End: jan 2023
Start: jan 2020
Granular activated algae technology for wastewater treatment and resources recovery (GRAALrecovery)
|External project link||Main project website|
|Start - end date||01.01.2020 - 01.01.2023|
|Project manager||Olga Tiron, ECOIND|
|Project manager at Nibio||Ikumi Umetani|
|Division||Division of Environment and Natural Resources|
|Department||Bioresources and Recycling Technologies|
|Partners||ECOIND, NIBIO, NMBU, Valahia University Targoviste|
|Total budget||1.147.010,00 euro|
|Funding source||EEA Grants/Norwegian Financial Mechanism 2014-2021|
The GRAALrecovery project focuses on alternative wastewater treatment technological flow based on the use of patented granular activated algae system for increased efficiency of the treatment process, reduction of operating cost, and advanced resources recovery.
The envisaged treatment process is distinguished by positive environmental and economic effects compared to conventional wastewater treatment systems sustaining the concept of sustainable wastewater treatment by:
- Complying to the strategy of reducing operating costs (eliminating aeration cost)
- Targeting the global emissions by capturing carbon dioxide from aerobic biodegradation of organic matter
- Targeting WWTP Utility strategy concerning waste management as the residual microalgae-bacteria biomass can be used for resources recovery
The objectives of GRAALrecovery follow the demonstration in relevant environmental conditions of the proposed emerging biotechnology, underlining the technology performance and its economic and environmental impact.
- Technical specifications and technology optimization scenarios testing (WP lead: ECOIND)
- Resources recovery assessment (WP lead: NIBIO)
- Technology validation in relevant environmental conditions (WP lead: NMBU)
- Results exploitation. Outcome oriented dissemination and communication (WP lead: ECOIND)

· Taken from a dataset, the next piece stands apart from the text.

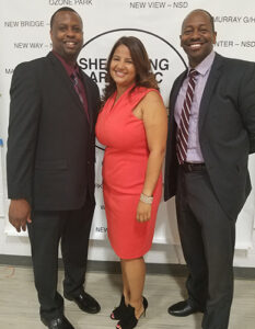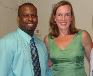 Jermaine Miller with Sheltering Arms Executive Director Elizabeth McCarthy at an event announcing the opening of Close to Home program. Photo courtesy of Sheltering Arms

Work package 2: Resources recovery assessment
The objective of this WP is to focus on integrating wastewater treatment with resources recovery (the treated water and generated excess biomass) in a circular economy context.
2.1 Enhancement of excess biomass value (microalgae nutrients uptake, starch/oil accumulation)
2.2 Integration of specific microalgae strains in the granular structures
2.3 Evaluation of water reuse options
Task 2.1 Enhancement of excess biomass value
Besides reduced operational costs, one of the key advantages of the granular-activated algae biotechnology is the presence of microalgae in the excess biomass, which provides superior upstream approach possibilities in terms of reuse (as fertilizers due to the high nutrients uptake) or valorization (due to high protein/carbohydrate/oil accumulation).
Since the microalgae are the key ingredients of the activated granules, the activities of this task, led by NIBIO, will follow two main lines of study:
1) Excess granular activated algae biomass characterization (quantitative and qualitative analysis of major cell components) and reuse options evaluation (as fertilizer/energy source, other uses)
2) Exploring the adaptation of specific microalgae strains known to accumulate high amounts of starch or oil adaptation for wastewater treatment and identification of required stress factors in controlled environmental conditions, which will later be transposed in operational parameters.
In this context, the experiments regarding specific microalgae strains adaptation will be carried on using selected strains (from the NIBIO collection) on different standardized wastewaters and under specific environmental conditions (different stress factors known to shift the metabolism towards accumulation) in order to assess the maximum uptake/accumulation capacities of the strains (ex. analyse of the influence of operational conditions (temperature, CO2, pH) and of nitrogen, phosphorus and sulphur sources concentration variations upon the accumulation phenomenon and biomass composition in lipids, carbohydrates and proteins). Best candidates in terms of uptake, accumulation and suitability towards the operational parameters of GRAALrecovery will be used as inoculum for granules formation in task 2.2.